- _Exercise_
Return the stretch from the line with "中国第一影响力与最受欢迎的建" through the line with "Kitchen Sideboard, Glass" in the data below, character for character, skipping all pictures.

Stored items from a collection
[Start of Attachment]
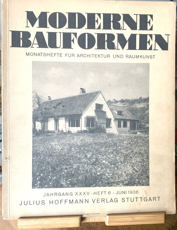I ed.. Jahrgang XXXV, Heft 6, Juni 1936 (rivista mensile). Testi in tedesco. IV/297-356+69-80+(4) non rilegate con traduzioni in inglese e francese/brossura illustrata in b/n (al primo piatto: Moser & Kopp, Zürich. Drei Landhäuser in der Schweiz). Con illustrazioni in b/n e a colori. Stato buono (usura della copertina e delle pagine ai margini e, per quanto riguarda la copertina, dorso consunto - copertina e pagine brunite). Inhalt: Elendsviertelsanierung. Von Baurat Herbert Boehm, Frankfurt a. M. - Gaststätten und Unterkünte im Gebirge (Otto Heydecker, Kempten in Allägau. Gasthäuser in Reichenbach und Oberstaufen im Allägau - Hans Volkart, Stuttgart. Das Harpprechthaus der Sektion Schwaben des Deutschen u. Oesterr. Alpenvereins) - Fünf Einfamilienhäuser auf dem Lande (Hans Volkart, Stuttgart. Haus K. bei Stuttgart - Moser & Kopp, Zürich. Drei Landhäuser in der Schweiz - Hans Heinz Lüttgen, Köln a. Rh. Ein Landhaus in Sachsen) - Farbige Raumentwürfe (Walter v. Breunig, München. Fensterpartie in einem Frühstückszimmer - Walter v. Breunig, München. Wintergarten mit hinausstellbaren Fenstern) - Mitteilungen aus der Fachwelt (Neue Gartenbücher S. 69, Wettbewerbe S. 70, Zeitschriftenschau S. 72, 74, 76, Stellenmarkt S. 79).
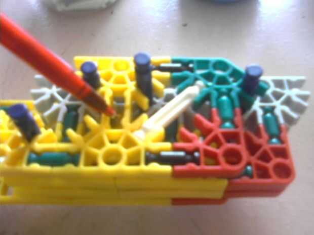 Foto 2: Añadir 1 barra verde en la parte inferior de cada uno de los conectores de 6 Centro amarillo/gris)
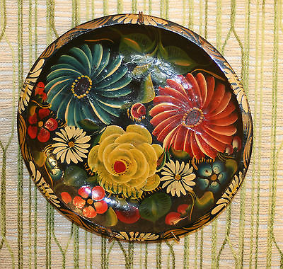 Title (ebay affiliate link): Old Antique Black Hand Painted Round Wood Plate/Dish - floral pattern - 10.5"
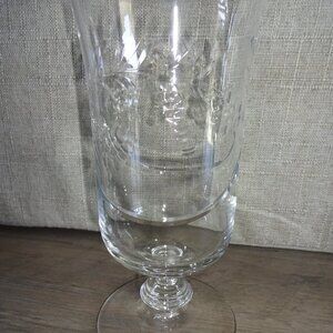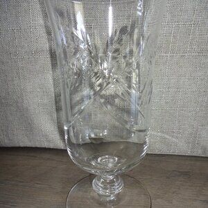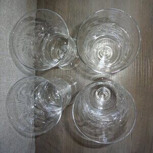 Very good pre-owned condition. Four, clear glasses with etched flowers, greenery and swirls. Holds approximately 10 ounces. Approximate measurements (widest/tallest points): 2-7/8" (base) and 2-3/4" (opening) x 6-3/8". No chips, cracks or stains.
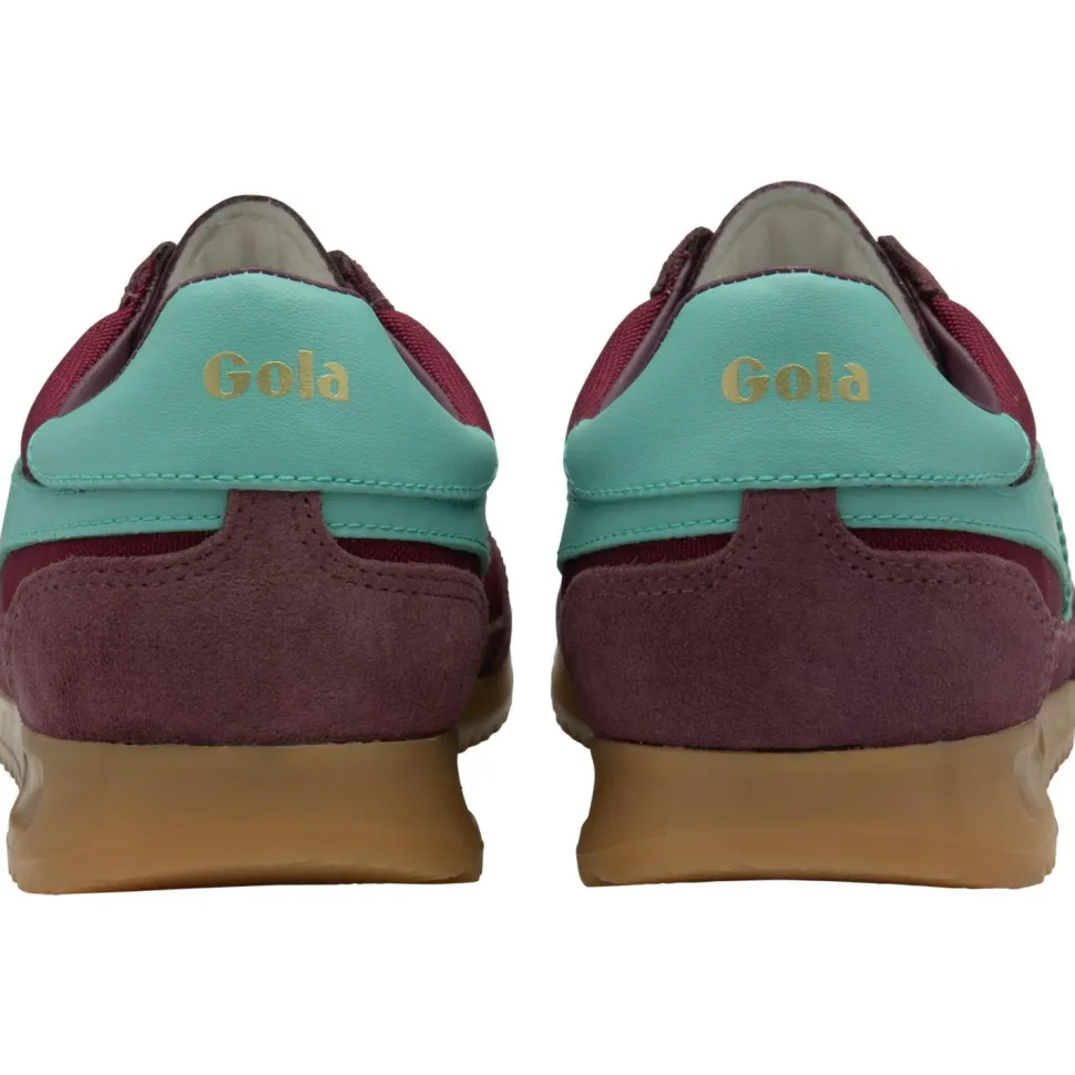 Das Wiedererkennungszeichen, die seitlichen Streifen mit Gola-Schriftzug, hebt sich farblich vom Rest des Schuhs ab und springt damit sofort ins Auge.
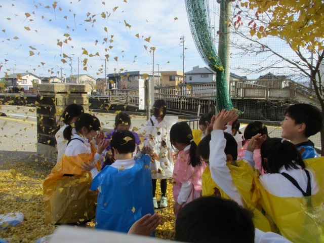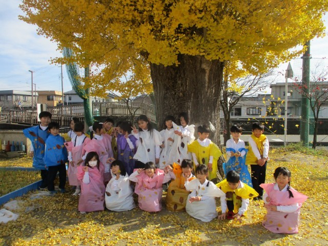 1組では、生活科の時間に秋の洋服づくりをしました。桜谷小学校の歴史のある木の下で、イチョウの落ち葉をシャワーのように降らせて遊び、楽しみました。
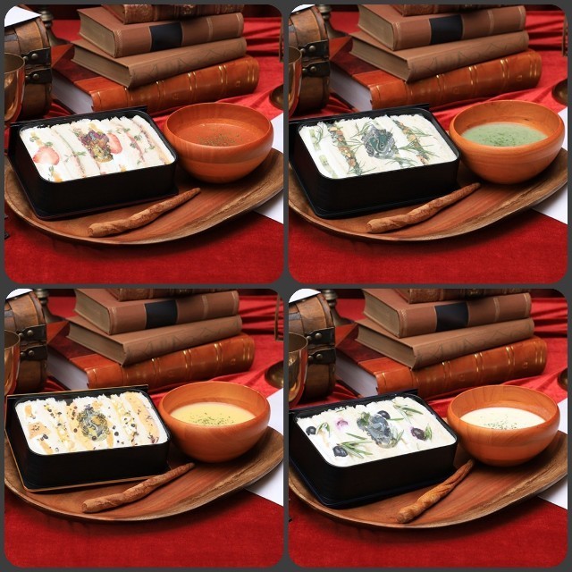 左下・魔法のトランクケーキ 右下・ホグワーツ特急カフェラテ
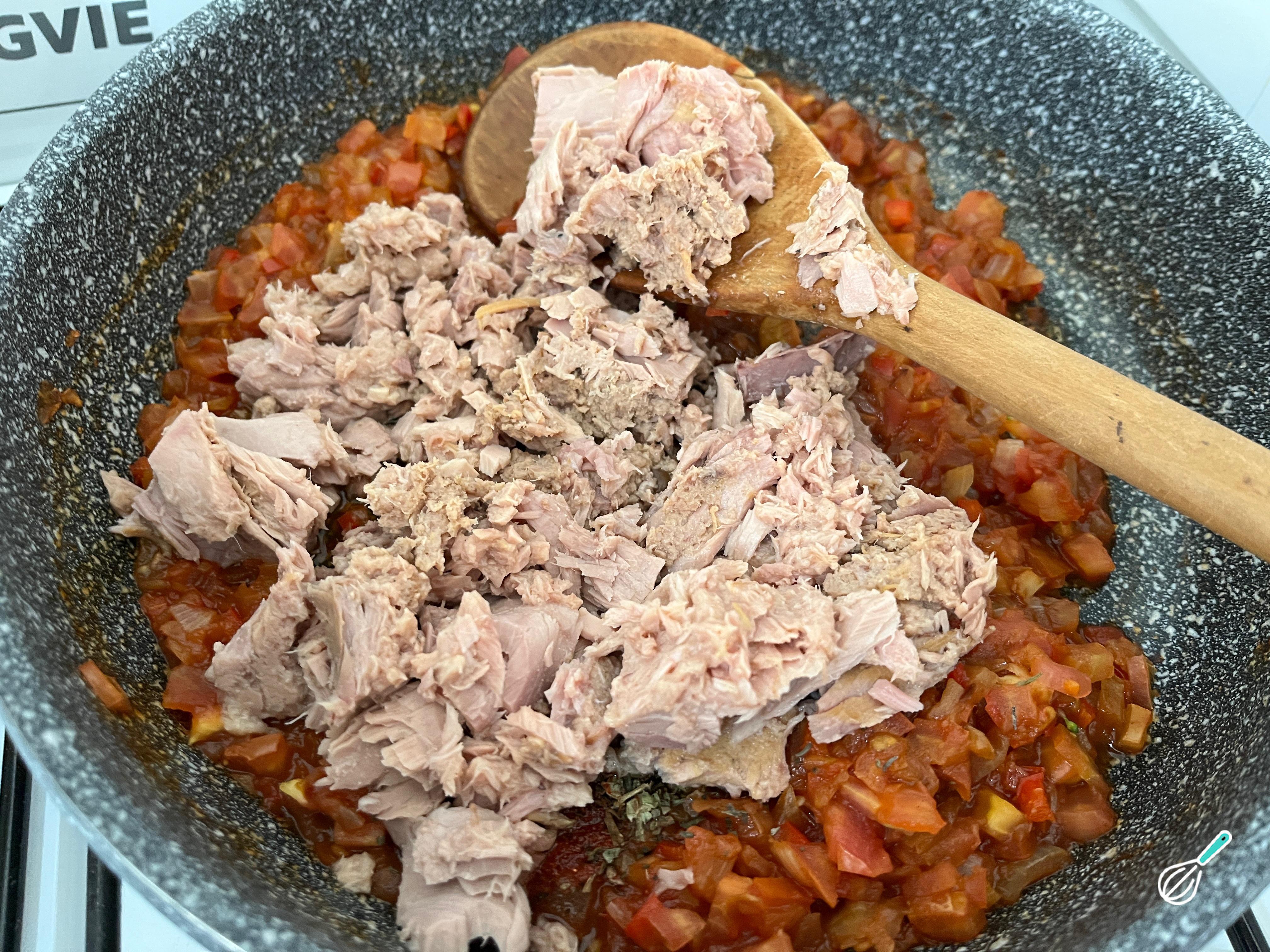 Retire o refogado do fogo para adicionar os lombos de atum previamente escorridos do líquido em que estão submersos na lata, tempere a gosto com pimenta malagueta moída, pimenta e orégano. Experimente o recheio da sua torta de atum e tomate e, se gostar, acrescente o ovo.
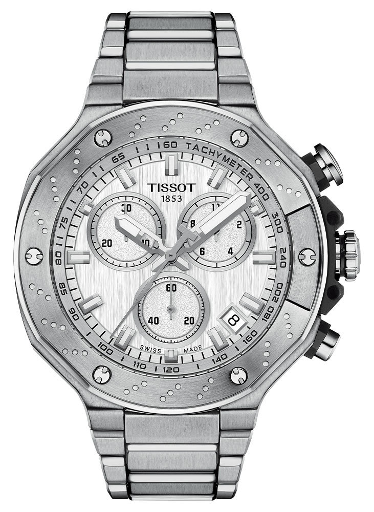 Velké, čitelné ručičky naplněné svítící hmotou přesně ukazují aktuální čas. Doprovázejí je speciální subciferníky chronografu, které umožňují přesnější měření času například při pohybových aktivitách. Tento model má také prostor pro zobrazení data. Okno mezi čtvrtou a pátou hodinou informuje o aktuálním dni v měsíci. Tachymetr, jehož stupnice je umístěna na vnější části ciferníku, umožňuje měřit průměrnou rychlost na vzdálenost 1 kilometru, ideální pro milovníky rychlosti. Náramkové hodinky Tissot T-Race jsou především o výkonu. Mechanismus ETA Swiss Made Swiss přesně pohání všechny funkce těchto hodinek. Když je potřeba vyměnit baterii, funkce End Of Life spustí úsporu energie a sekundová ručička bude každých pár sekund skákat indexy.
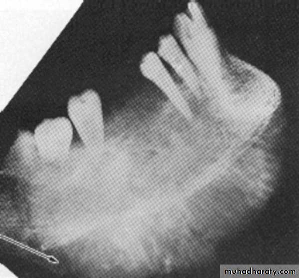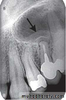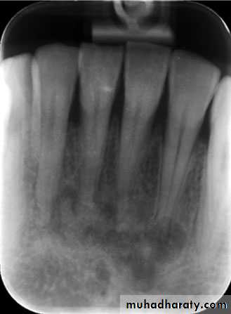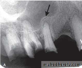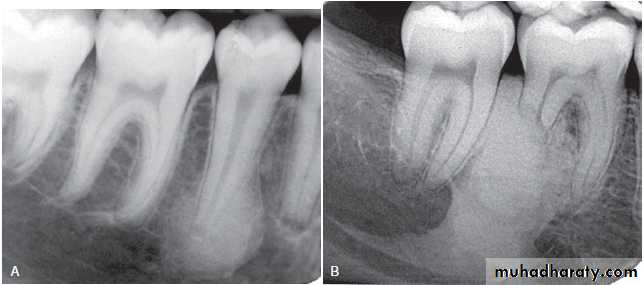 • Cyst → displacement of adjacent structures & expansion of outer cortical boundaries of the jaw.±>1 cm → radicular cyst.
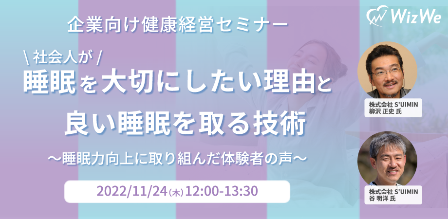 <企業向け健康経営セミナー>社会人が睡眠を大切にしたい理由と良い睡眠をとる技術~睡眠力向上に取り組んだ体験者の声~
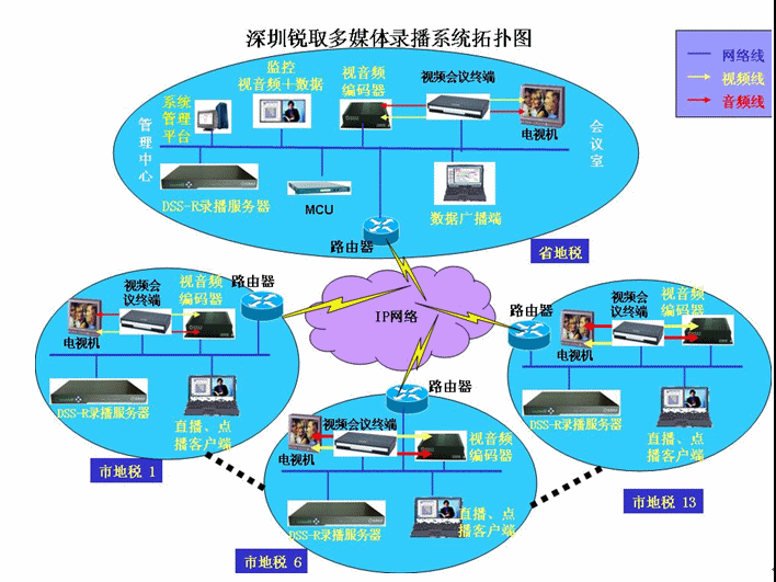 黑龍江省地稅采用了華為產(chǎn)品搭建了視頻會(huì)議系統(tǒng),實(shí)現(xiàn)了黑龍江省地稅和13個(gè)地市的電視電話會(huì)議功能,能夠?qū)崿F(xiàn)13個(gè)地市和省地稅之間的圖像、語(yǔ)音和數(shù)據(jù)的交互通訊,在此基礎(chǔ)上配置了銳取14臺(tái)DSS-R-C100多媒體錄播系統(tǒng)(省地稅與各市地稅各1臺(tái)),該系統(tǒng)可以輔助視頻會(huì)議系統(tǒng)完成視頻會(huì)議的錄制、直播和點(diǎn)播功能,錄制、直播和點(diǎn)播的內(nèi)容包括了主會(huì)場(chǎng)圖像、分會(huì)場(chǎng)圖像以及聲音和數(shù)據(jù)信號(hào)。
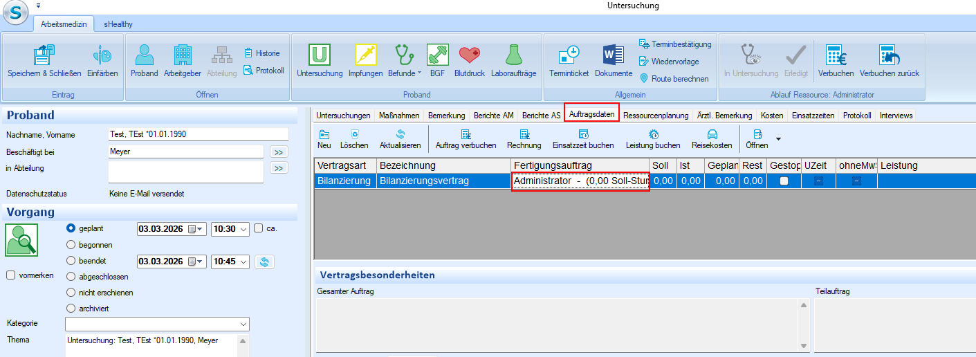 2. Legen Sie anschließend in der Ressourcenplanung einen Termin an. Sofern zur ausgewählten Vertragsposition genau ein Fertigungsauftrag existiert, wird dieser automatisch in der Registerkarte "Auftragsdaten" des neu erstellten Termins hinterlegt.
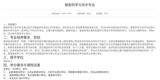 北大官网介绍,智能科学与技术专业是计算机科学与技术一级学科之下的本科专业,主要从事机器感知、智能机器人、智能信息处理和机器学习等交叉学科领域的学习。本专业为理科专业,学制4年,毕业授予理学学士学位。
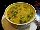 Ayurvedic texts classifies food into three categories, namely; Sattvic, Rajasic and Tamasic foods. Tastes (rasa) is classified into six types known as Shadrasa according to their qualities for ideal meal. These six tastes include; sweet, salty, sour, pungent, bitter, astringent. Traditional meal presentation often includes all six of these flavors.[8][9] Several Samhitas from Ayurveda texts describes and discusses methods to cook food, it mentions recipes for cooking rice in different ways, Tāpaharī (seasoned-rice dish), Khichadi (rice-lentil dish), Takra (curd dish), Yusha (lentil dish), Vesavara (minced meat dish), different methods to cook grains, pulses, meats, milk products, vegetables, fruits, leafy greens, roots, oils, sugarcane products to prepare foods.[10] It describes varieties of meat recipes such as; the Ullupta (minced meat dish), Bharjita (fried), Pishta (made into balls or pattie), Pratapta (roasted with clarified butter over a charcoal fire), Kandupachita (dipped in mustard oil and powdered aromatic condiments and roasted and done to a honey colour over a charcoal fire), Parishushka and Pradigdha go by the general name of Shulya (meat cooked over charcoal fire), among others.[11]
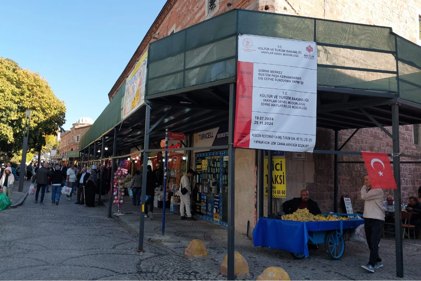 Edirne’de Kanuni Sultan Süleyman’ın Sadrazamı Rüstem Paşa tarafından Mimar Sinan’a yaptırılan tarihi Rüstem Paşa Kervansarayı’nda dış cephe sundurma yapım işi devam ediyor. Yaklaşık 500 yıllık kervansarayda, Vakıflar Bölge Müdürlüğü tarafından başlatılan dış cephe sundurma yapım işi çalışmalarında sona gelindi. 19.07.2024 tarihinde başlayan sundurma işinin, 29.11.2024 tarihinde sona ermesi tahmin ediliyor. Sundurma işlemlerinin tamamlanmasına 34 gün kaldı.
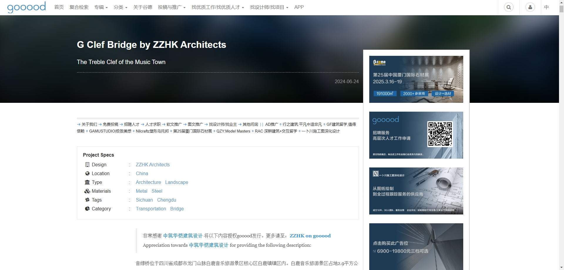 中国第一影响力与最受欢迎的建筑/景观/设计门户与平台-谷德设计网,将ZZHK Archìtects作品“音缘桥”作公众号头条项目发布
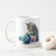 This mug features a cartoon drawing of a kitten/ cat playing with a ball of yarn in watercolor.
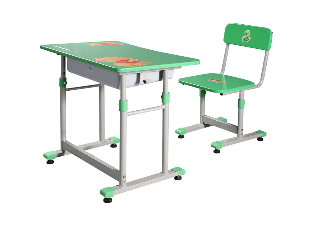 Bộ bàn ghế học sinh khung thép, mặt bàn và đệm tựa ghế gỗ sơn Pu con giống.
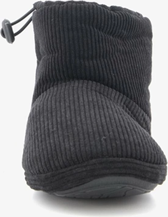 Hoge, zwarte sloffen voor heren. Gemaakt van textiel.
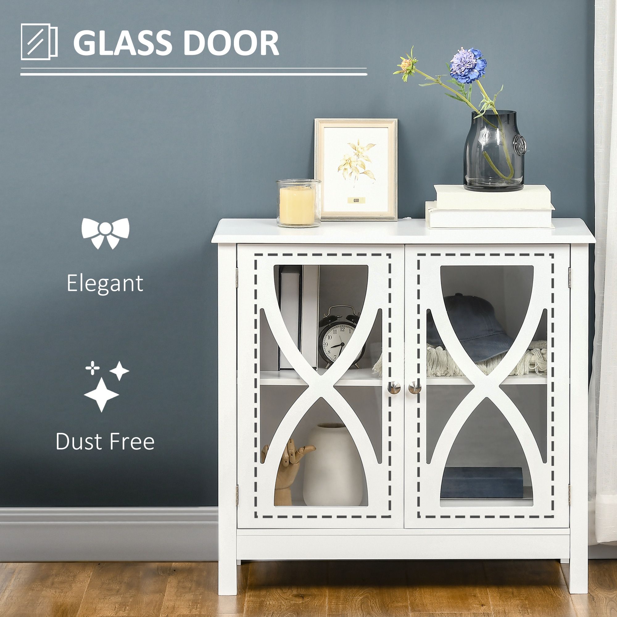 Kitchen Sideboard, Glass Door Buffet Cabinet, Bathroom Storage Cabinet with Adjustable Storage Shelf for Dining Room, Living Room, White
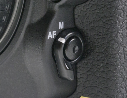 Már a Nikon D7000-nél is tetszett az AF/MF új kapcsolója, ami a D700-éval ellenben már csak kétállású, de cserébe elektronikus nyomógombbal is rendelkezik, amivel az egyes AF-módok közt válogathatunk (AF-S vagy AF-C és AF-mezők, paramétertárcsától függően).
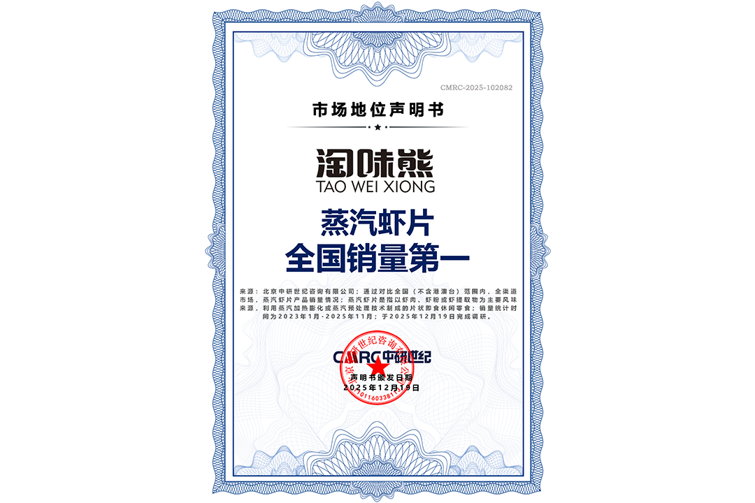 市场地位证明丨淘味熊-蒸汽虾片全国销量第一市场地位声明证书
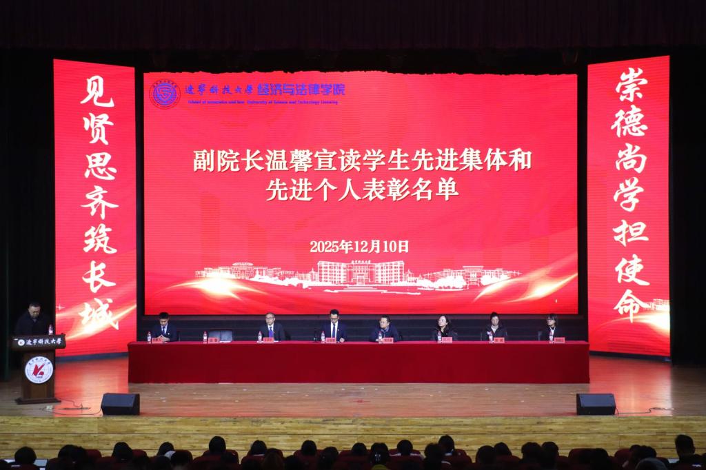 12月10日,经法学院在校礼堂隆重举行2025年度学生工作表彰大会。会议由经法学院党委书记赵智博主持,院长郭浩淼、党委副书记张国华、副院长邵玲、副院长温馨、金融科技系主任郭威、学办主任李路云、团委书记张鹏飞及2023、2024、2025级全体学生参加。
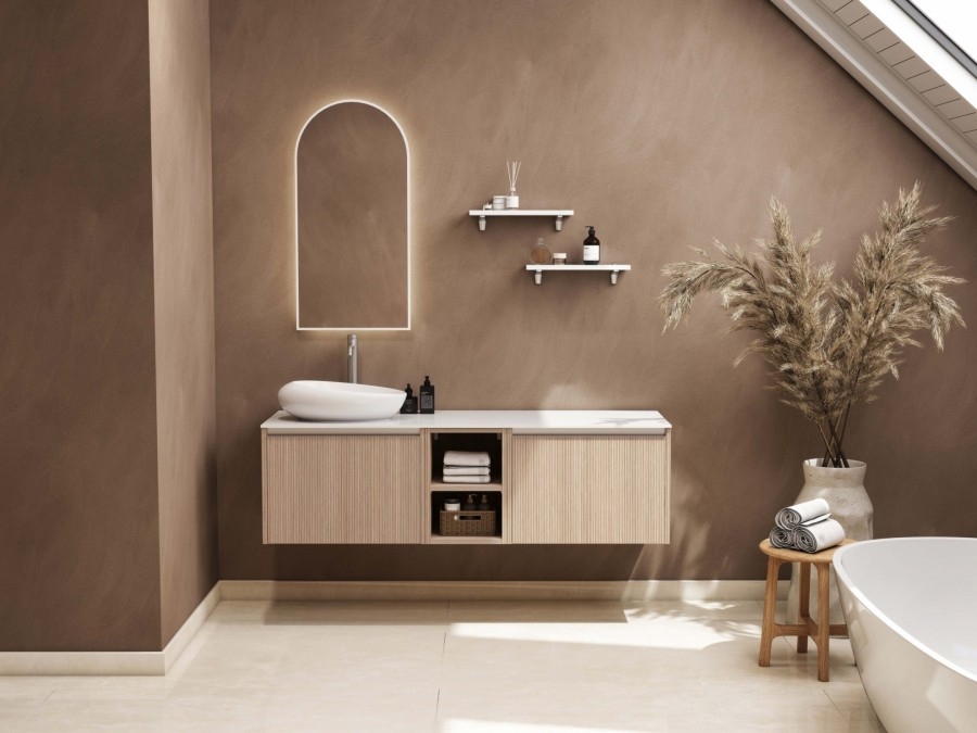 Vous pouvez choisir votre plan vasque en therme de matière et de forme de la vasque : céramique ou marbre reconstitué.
[End of Attachment]
- _Worked solution_
 中国第一影响力与最受欢迎的建筑/景观/设计门户与平台-谷德设计网,将ZZHK Archìtects作品“音缘桥”作公众号头条项目发布
 This mug features a cartoon drawing of a kitten/ cat playing with a ball of yarn in watercolor.
 Bộ bàn ghế học sinh khung thép, mặt bàn và đệm tựa ghế gỗ sơn Pu con giống.
 Hoge, zwarte sloffen voor heren. Gemaakt van textiel.
 Kitchen Sideboard, Glass Door Buffet Cabinet, Bathroom Storage Cabinet with Adjustable Storage Shelf for Dining Room, Living Room, White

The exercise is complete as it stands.